An den Satz von Fritz Teufel „Wenn’s denn der Wahrheitsfindung dient.“ – inzwischen ein geflügeltes Wort – werde ich immer erinnert, wenn es mal wieder eine (OLG-)Entscheidung gibt, die sich mit Ungebühr vor Gericht in Form des Nichtaufstehens befasst. Und alle Jahre wieder, wird eine zu dieser Problematik veröffentlicht. So jetzt der OLG Karlsruhe, Beschl. v. 05.01.2015 – 2 Ws 448/14, über den ja auch schon andere Blogs berichtet haben. In der Entscheidung ging es um die Frage, ob das Nichtaufstehen des Angeklagten beim Wiedereintritt des Gerichts nach einer Sitzungspause eine Ungebühr i.S. des § 176 GVG darstellt. Das OLG Karlsruhe hat das verneint:
„Demgegenüber stellt das bloße Sitzenbleiben beim Eintreten des Gerichts nach vorangegangener Sitzungspause nur dann eine Ungebühr im Sinne des § 178 Abs. 1 GVG dar, wenn weitere objektive Umstände hinzutreten, was vorliegend nicht der Fall war. Ungebührlich wird ein solches Verhalten auch nicht dadurch, dass die Vorsitzende den Angeklagten aufgefordert hatte, sich von seinem Platz zu erheben. Denn hierzu war er nicht verpflichtet, mag es auch verbreitet üblich sein. Anders als zu Beginn der Sitzung stellt deren Fortsetzung nach einer Pause nämlich keinen besonderen Verfahrensabschnitt dar, der einer Verdeutlichung durch die äußere Form des Aufstehens der im Sitzungssaal Anwesenden bedarf (OLG Saarbrücken StraFo 2007, 208).“
Dazu passt dann ganz gut der OLG Hamburg, Beschl. v. 07.11.2014 – 1 Ws 117/14. Da hatte sich in einem schon umfangreicheren Verfahren der Angeklagte in Zeugenvernehmungen des Vorsitzenden eingemischt und diesen wohl immer wieder unterbrochen. Es gab Abmahnungen und die Androhung von Ordnungsmitteln, was der Angeklagte mit den Worten „scheiß drauf!“ kommentierte. Daraufhin wurde dann ein Ordnungsgeld von immerhin 300 € verhängt.
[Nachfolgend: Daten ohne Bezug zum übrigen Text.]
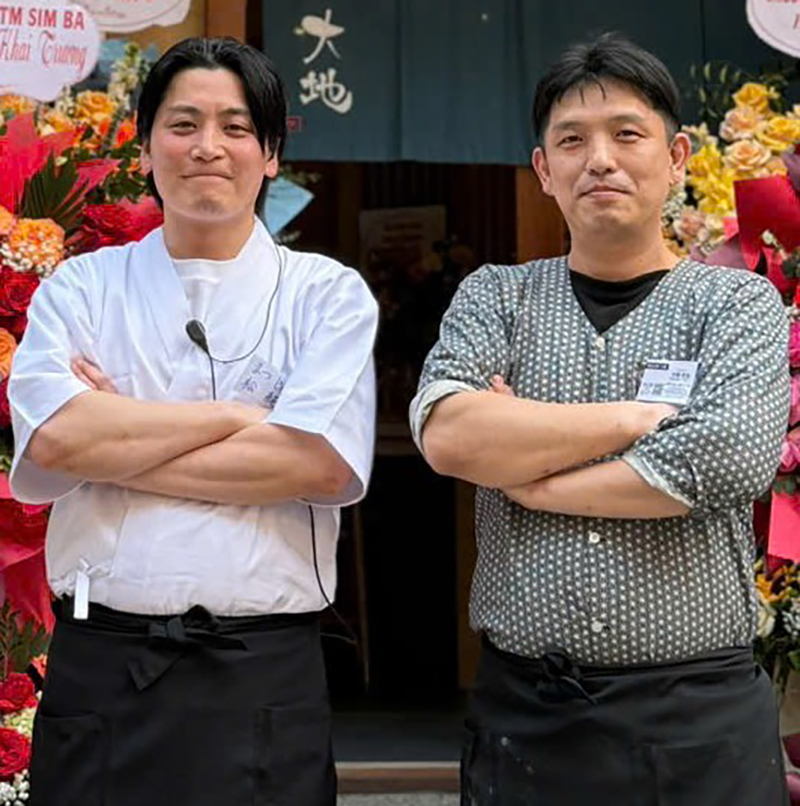 首都圏を中心に展開している、手打ち串のこだわり焼き鳥が一押しの居酒屋「寿司と焼き鳥大地」。リンラン(Linh Lang)地区にオープンしたベトナム1号店では、マネージャーの中林哲也さんがスタッフとともに自ら呼び込みの声を元気よく響かせている。

Und das OLG setzt dann noch einen drauf und erhöht auf 400 €. Mit „immerhin“ deshalb formuliert, weil es mir unter Berücksichtigung der vom OLG dargelegten Kriterien schon 300 € doch recht hoch erscheint. Denn das OLG führt selbst aus:
„Zur Ahndung der Störungen und Ungebührlichkeiten waren die vom Senat neu festgesetzten Ordnungsmittel erforderlich. Dabei hat der Senat bedacht, dass Störungen und Entgleisungen durch den Angeklagten mit Blick auf die durch die gegen ihn durchgeführte Hauptverhandlung entstehende Stresssituation verständlicher erscheinen können als Störungen durch unbeteiligte Dritte und dass deshalb das Maß notwendiger Ahndung geringer ist. Der Senat hat ferner die wirtschaftlichen Verhältnisse des Beschwerdeführers berücksichtigt und dabei namentlich auch auf den zur Akte gereichten Arbeitsvertrag Bedacht genommen.“
Und dann noch Erhöhung auf 400 €? Dabei habe ich jetzt noch nicht mal geprüft, ob das überhaupt geht, oder ob da nicht auch das Verbot der reformatio in peius gilt.